▸ **PROVIDED INFORMATION**:

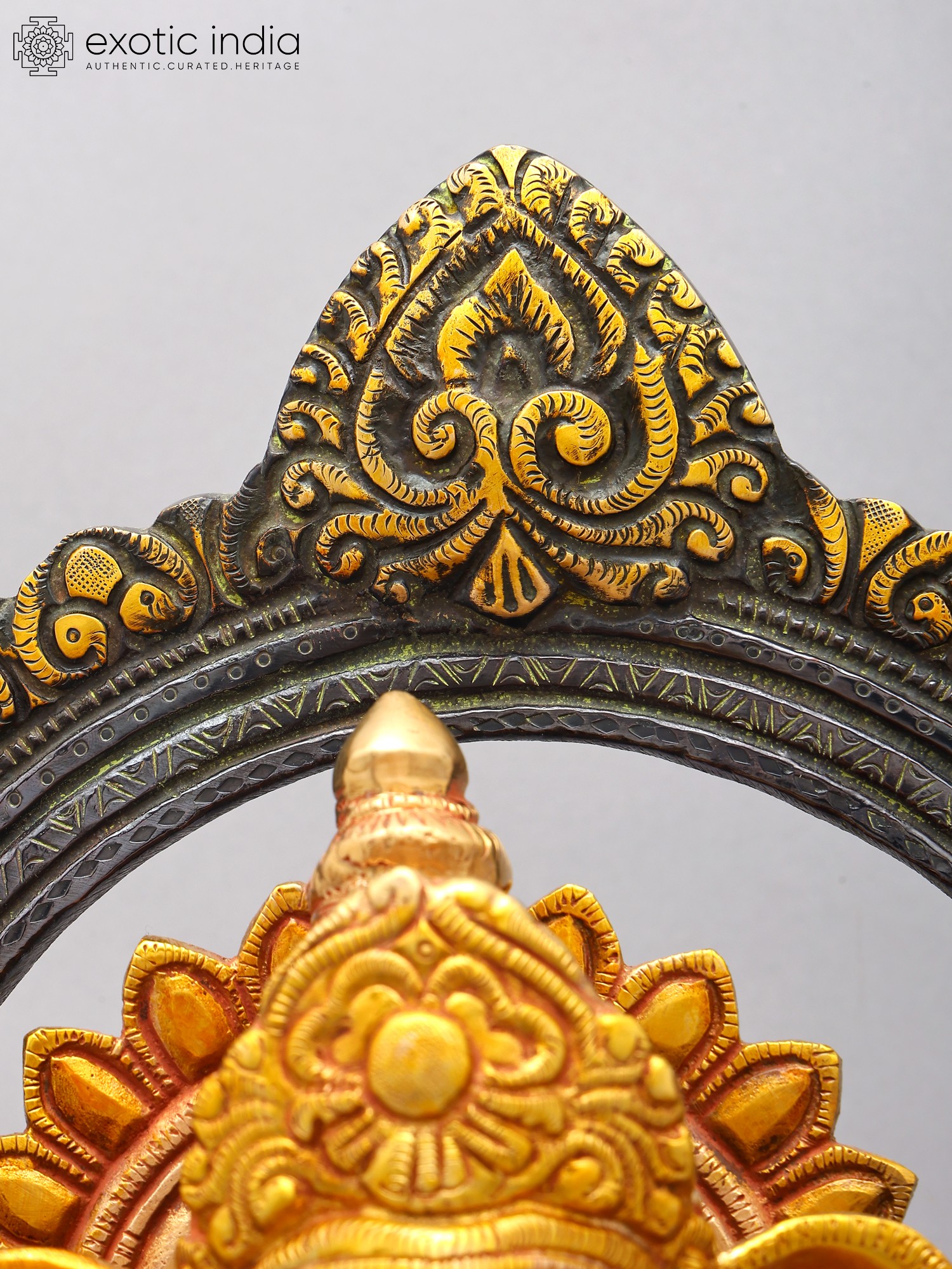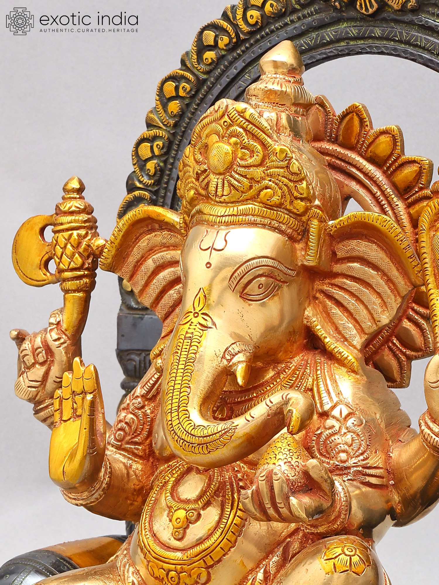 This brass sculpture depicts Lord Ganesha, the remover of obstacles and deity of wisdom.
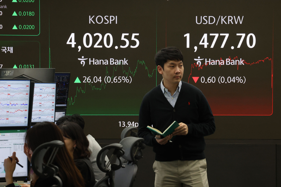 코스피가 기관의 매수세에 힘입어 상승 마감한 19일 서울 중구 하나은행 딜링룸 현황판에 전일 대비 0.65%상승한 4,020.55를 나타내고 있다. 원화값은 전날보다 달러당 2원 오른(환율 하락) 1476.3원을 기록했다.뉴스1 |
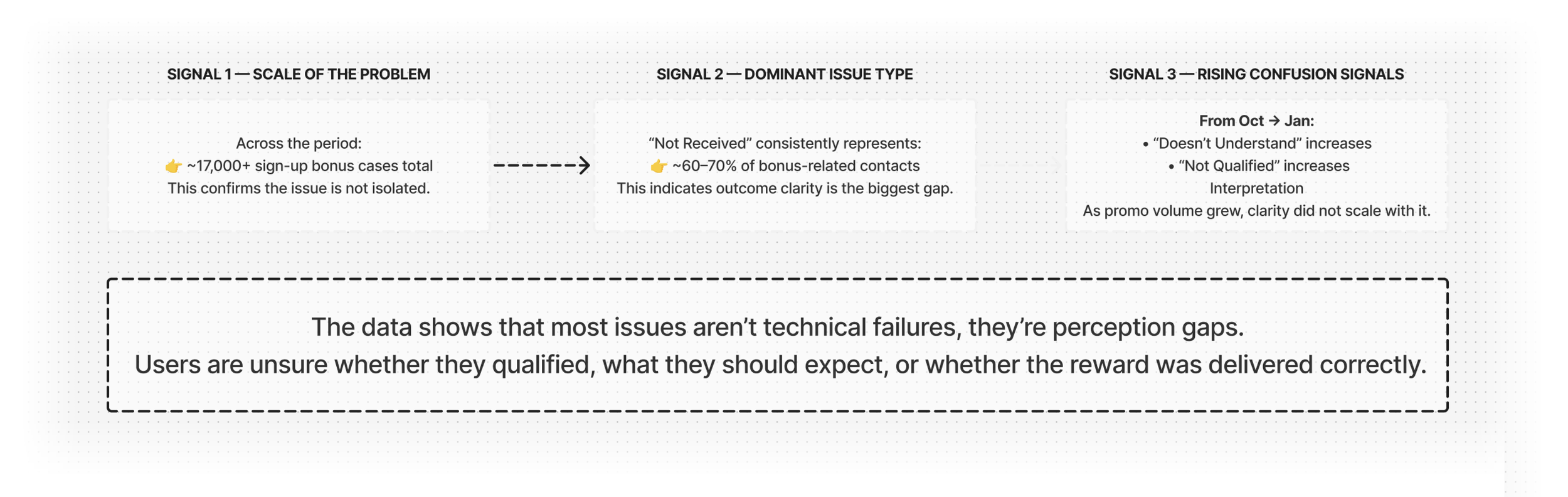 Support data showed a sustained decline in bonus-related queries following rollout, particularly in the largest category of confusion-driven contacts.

* * *

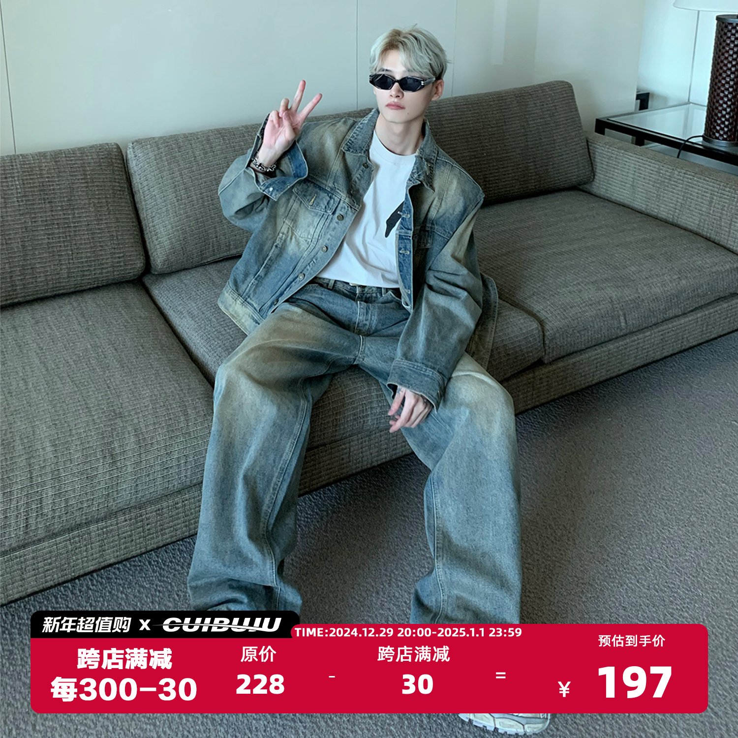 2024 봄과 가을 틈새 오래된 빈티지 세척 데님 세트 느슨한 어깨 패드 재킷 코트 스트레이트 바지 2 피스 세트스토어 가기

▸ **WORK REQUIRED**: Taking the records above, print only and exactly the lines from the line with "코스피가 기관의 매수세에" to the line with "Support data showed", both kept, and exclude pictures.

▸ **ANSWER TO THIS PROBLEM**:
 코스피가 기관의 매수세에 힘입어 상승 마감한 19일 서울 중구 하나은행 딜링룸 현황판에 전일 대비 0.65%상승한 4,020.55를 나타내고 있다. 원화값은 전날보다 달러당 2원 오른(환율 하락) 1476.3원을 기록했다.뉴스1 |
 Support data showed a sustained decline in bonus-related queries following rollout, particularly in the largest category of confusion-driven contacts.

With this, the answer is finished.